Investigating the Role of Metabolic Reprogramming in the Pathogenesis of Diabetic Kidney Disease Using Novel Metabolic Mouse Models

Metabolic disorders are involved in the pathogenesis of diabetic kidney disease (DKD), and protein lipoylation may regulate metabolic disorders and energy reprogramming in DKD. To elucidate the role of protein lipoylation in metabolic regulation and understand its underlying mechanism, we used the Ins2Akita, a diabetic mouse model, crossed with lipoic acid synthase transgenic mice to illustrate the role of metabolic regulation at the initiation and early stages of DKD. We found that enhanced protein lipoylation attenuates the early DKD phenotype by analyzing renal albuminuria, glomerular mesangial expansion, and mitochondrial damage in proximal tubular epithelial cells as the LiasH/HIns2Akita/+ mice had markedly milder DKD phenotype than LiasL/LIns2Akita/+ mice via metabolic regulation by protein lipoylation.
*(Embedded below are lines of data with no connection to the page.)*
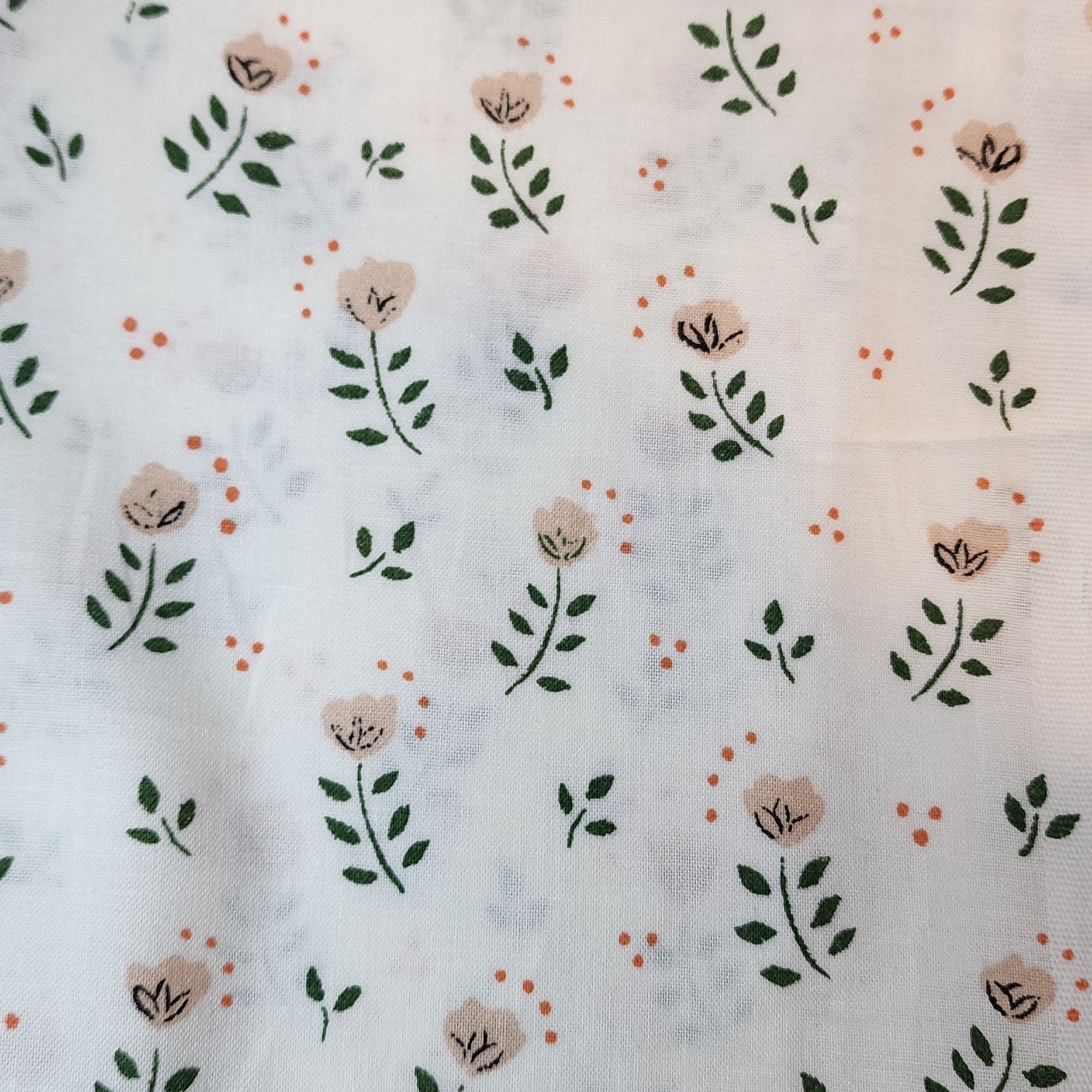 Ce motif délicat met à l’honneur de petites tulipes stylisées aux pétales beige et aux tiges vertes, parsemées de discrets points orangés qui apportent une touche de gaieté. Sur fond blanc, l’ensemble évoque la fraîcheur d’un jardin au printemps, tout en conservant une esthétique épurée et poétique.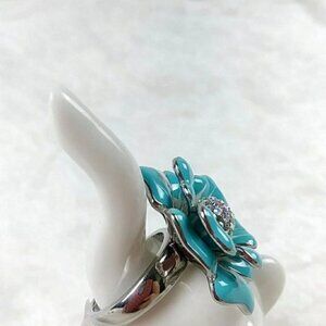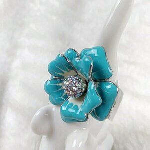 Stainless Steel Women's Flower Ring, Hypoallergenic Quality Stainless Steel, Big Bold Blue Blooming Flower with Crystal Rhinestones in Center. Stunning Statement Ring! Style Profile: Flower Ring, Spring, Summer, Floral, Chunky, Acrylic, Rhinestone, Bling, Boho, Indie, Feminine, Cocktail, Event, Gift, Special Occasion. Unique Jewelry. Brand New, Smoke Free Home, Fast Shipping!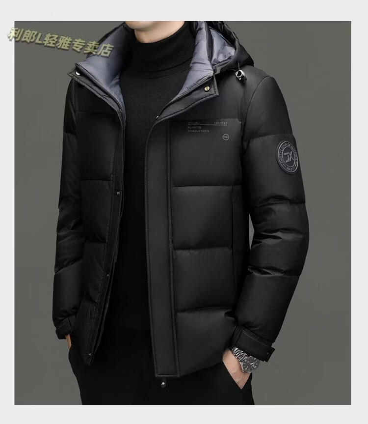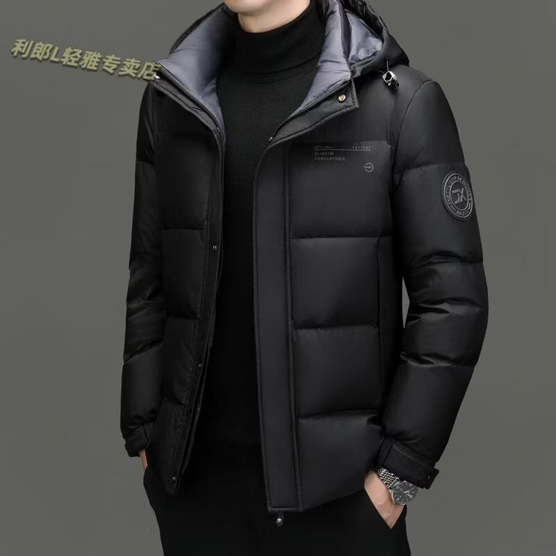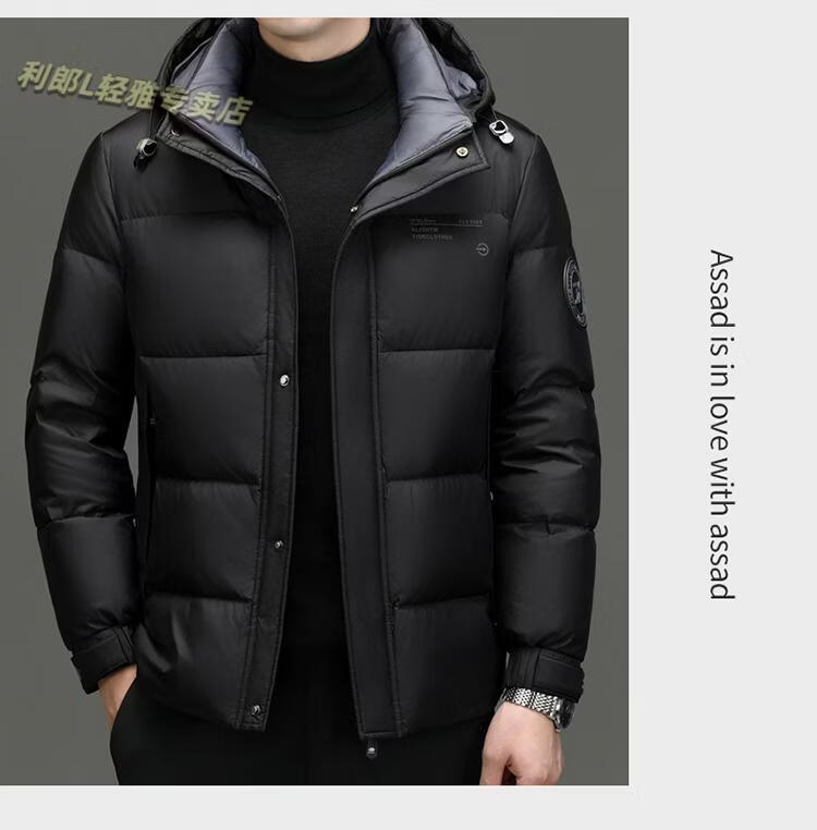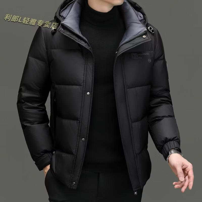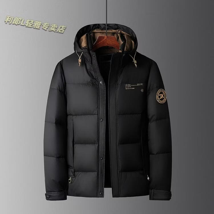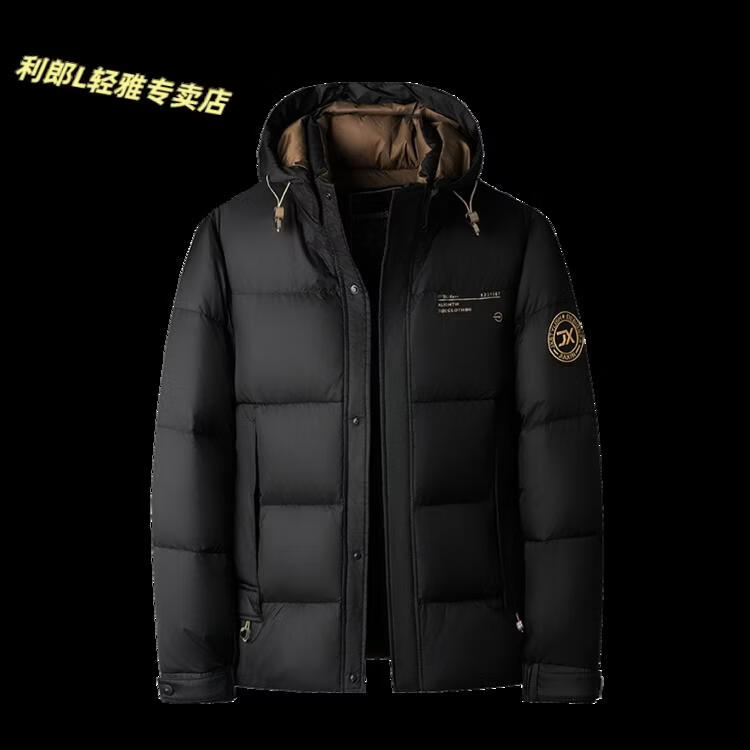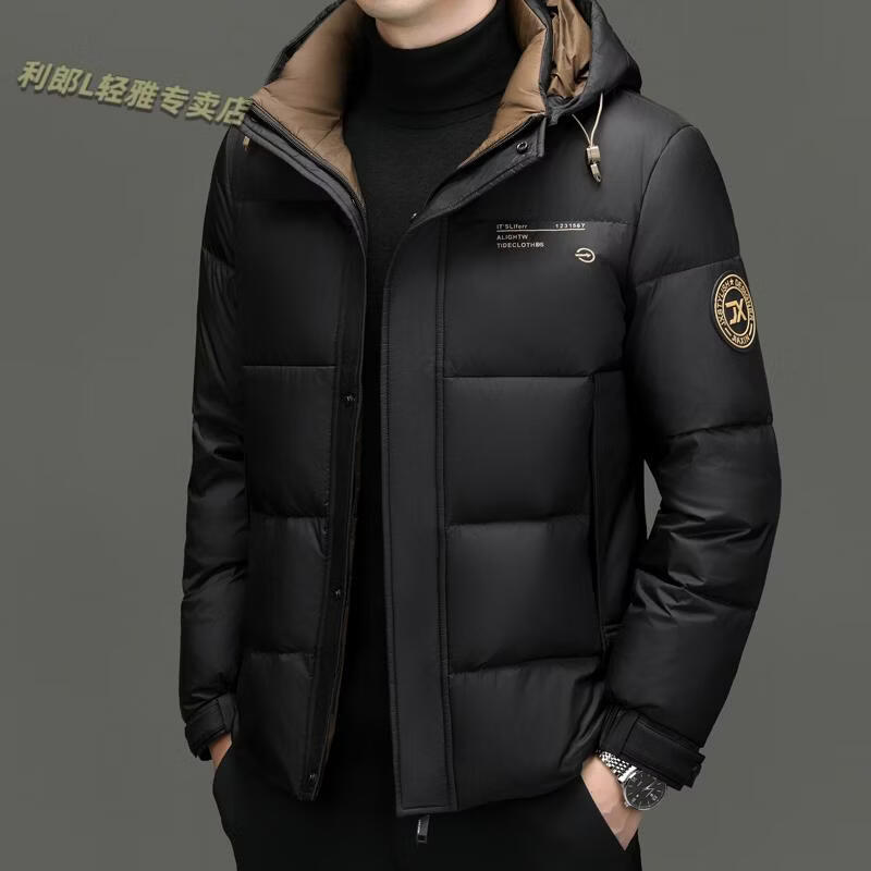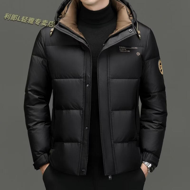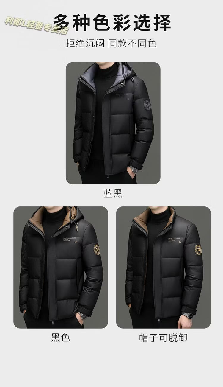 利郎(LILANZ)冬季新款男士羽绒服加厚保暖潮白鸭绒连帽短款休闲冬装羽绒外套男 蓝黑 2XL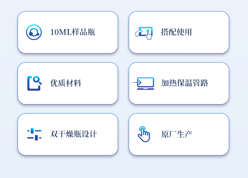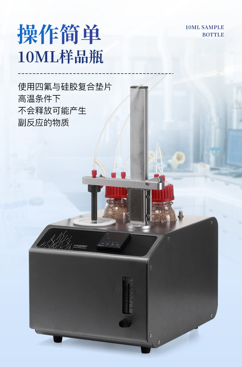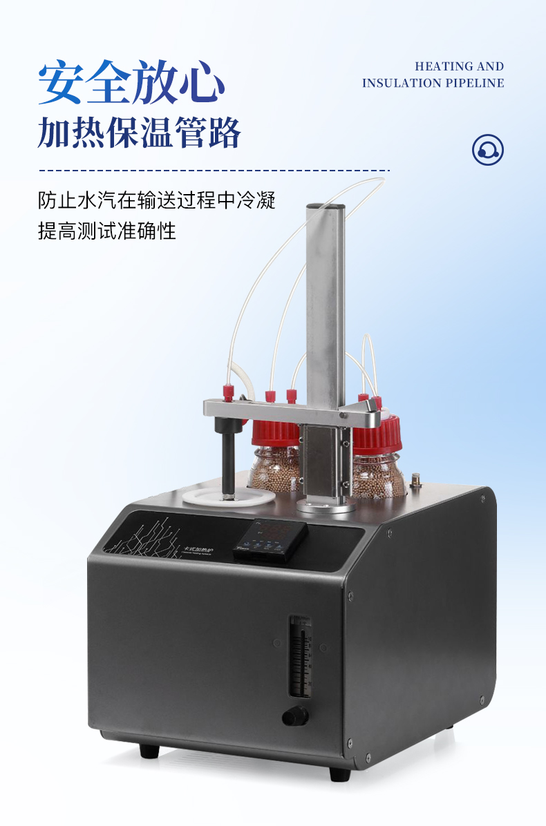 | 1、10ml樣品瓶:使用四氟與硅膠復合墊片,高溫條件下不會釋放可能產(chǎn)生副反應的物質(zhì) | 2、雙干燥瓶設(shè)計,有效降低氣源中的水分干擾 | 3、加熱保溫管路,防止水汽在輸送過程中冷凝,提高測試準確性 |

These data suggest that enhanced protein lipoylation potentially attenuates DKD by regulating metabolism and energy reprogramming. Our study provides insight into a new therapeutic strategy for DKD. The data included is high resolution mass spectrometry metabolomics raw data (generated on a Thermo Q Exactive HF-X). A processed peak list is also included along with metabolites that were identified in the samples.